WORK REQUEST:
Copy everything in the records exactly; the pictures stay out.
▼
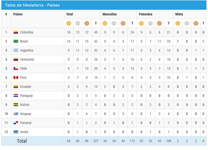 Brasil con 16 de oros es el segundo en la tabla, y Argentina escolta a la verdeamarela con 9 oros.
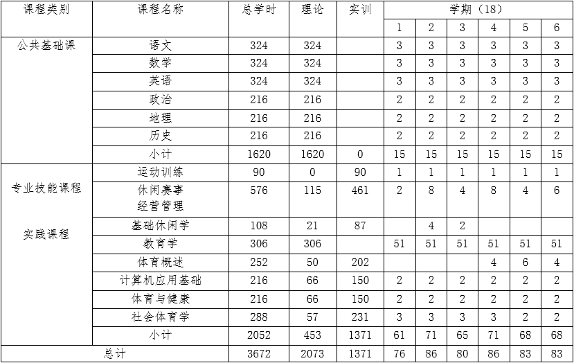 四、休閑體育服務(wù)與管理專業(yè)教學(xué)時間安排
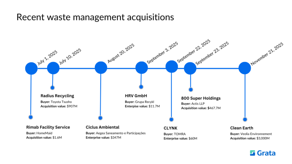 Here are a few of the events related to the waste management industry that dealmakers can find and track in Grata:
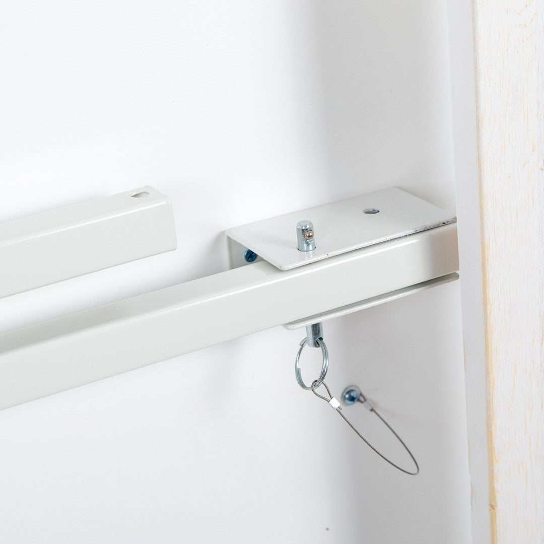 - Key materials: Solid pinewood plank top, steel hardware (pins and hinges) for secure folding and locking.
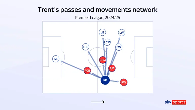 Alexander-Arnold thường hoạt động ở khu vực sâu hơn so với những cầu thủ này, dù được phép di chuyển vào trong, nhưng không ai giỏi hơn anh trong việc đưa bóng vào vòng cấm đối phương. Tổng cộng, anh đã thực hiện 2.593 đường chuyền vào vòng cấm kể từ khi ra mắt Premier League, nhiều nhất trong số các cầu thủ và là một ví dụ khác về quy mô đáng kinh ngạc của tầm ảnh hưởng tấn công của anh.
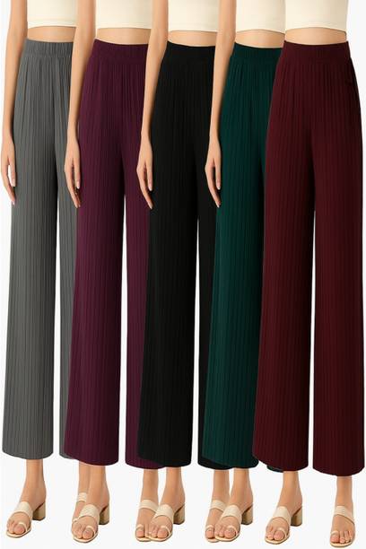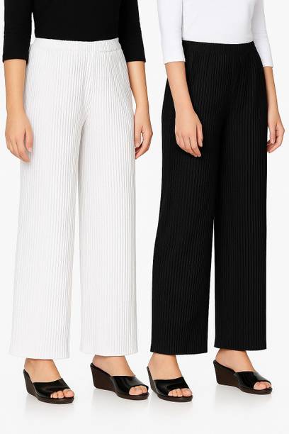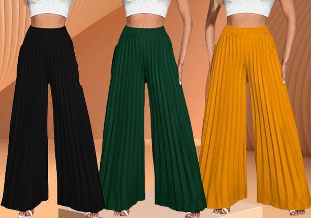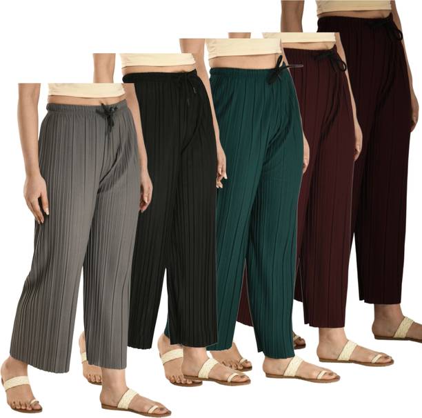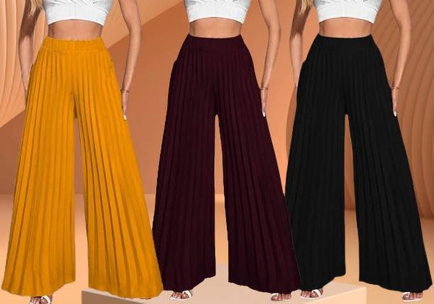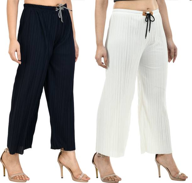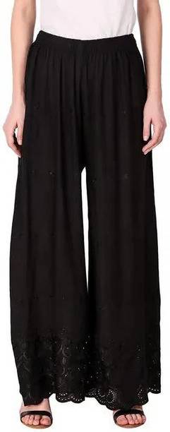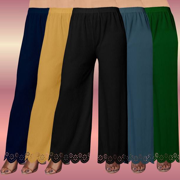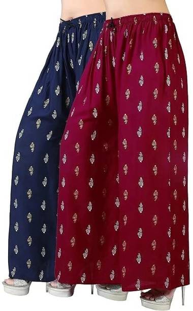 If you are an office-going woman, palazzo pants are a must-have in your collection. Palazzo designs (new) are available online to match your style and aesthetic. This free-flowing pants can be paired with an embroidered kurta for special occasions. To style it down, you can wear a pastel-colored kurta with these pants. They provide enough air and are perfect to wear on a summer day. You can choose from the fabric options like rayon, pure cotton, cotton blend, cotton rayon blend, georgette, cotton fleece blend, and more available online. These pants can increase your grace without much effort and can be paired in multiple ways. Purchase this bottomwear from brands like 109°F, 2 Kolpol, 20Dresses, 24Hour Fashion, 5stitch, and more present online. To match your style preferences, you can find multiple pattern options like striped, embroidered, solid, dip and dye, applique, camouflage, and more. Choose pants that represent your personality and make you feel confident. For special events, you can purchase pants with ruffle designs that can be paired with short tops or kurtis. These pants are available for occasions like casual, party, formal, festive, and loungewear. Buy palazzo designs (new) that match your style statement and pair them up with accessories to look effortlessly beautiful.
▲
THE ANSWER:
 Brasil con 16 de oros es el segundo en la tabla, y Argentina escolta a la verdeamarela con 9 oros.
 四、休閑體育服務(wù)與管理專業(yè)教學(xué)時間安排
 Here are a few of the events related to the waste management industry that dealmakers can find and track in Grata:
 - Key materials: Solid pinewood plank top, steel hardware (pins and hinges) for secure folding and locking.
 Alexander-Arnold thường hoạt động ở khu vực sâu hơn so với những cầu thủ này, dù được phép di chuyển vào trong, nhưng không ai giỏi hơn anh trong việc đưa bóng vào vòng cấm đối phương. Tổng cộng, anh đã thực hiện 2.593 đường chuyền vào vòng cấm kể từ khi ra mắt Premier League, nhiều nhất trong số các cầu thủ và là một ví dụ khác về quy mô đáng kinh ngạc của tầm ảnh hưởng tấn công của anh.
 If you are an office-going woman, palazzo pants are a must-have in your collection. Palazzo designs (new) are available online to match your style and aesthetic. This free-flowing pants can be paired with an embroidered kurta for special occasions. To style it down, you can wear a pastel-colored kurta with these pants. They provide enough air and are perfect to wear on a summer day. You can choose from the fabric options like rayon, pure cotton, cotton blend, cotton rayon blend, georgette, cotton fleece blend, and more available online. These pants can increase your grace without much effort and can be paired in multiple ways. Purchase this bottomwear from brands like 109°F, 2 Kolpol, 20Dresses, 24Hour Fashion, 5stitch, and more present online. To match your style preferences, you can find multiple pattern options like striped, embroidered, solid, dip and dye, applique, camouflage, and more. Choose pants that represent your personality and make you feel confident. For special events, you can purchase pants with ruffle designs that can be paired with short tops or kurtis. These pants are available for occasions like casual, party, formal, festive, and loungewear. Buy palazzo designs (new) that match your style statement and pair them up with accessories to look effortlessly beautiful.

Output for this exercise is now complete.